(Provided information begins)

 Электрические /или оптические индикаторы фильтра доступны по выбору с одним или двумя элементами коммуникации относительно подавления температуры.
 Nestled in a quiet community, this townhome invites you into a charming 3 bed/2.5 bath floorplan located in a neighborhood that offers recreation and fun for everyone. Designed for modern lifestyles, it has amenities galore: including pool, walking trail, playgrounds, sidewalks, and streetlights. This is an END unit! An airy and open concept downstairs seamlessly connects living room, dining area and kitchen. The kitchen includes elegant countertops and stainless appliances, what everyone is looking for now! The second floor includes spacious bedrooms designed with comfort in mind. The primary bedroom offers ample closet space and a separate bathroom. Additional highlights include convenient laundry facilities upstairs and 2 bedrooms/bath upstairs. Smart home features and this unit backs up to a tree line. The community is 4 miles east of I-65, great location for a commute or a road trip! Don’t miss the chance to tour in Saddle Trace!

(Provided information ends)
(Provided information begins)

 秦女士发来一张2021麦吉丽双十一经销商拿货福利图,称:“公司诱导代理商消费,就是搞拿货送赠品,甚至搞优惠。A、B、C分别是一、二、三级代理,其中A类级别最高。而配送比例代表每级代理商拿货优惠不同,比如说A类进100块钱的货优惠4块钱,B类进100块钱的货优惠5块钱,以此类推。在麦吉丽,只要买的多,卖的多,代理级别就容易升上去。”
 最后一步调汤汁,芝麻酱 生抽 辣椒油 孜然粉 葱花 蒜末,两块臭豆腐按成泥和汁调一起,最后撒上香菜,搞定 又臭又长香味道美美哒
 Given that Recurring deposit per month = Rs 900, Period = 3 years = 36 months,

(Provided information ends)

» Work item:
Which lines above hold the word "that"? Copy each of them.

» Task result:
 Nestled in a quiet community, this townhome invites you into a charming 3 bed/2.5 bath floorplan located in a neighborhood that offers recreation and fun for everyone. Designed for modern lifestyles, it has amenities galore: including pool, walking trail, playgrounds, sidewalks, and streetlights. This is an END unit! An airy and open concept downstairs seamlessly connects living room, dining area and kitchen. The kitchen includes elegant countertops and stainless appliances, what everyone is looking for now! The second floor includes spacious bedrooms designed with comfort in mind. The primary bedroom offers ample closet space and a separate bathroom. Additional highlights include convenient laundry facilities upstairs and 2 bedrooms/bath upstairs. Smart home features and this unit backs up to a tree line. The community is 4 miles east of I-65, great location for a commute or a road trip! Don’t miss the chance to tour in Saddle Trace!
 Given that Recurring deposit per month = Rs 900, Period = 3 years = 36 months,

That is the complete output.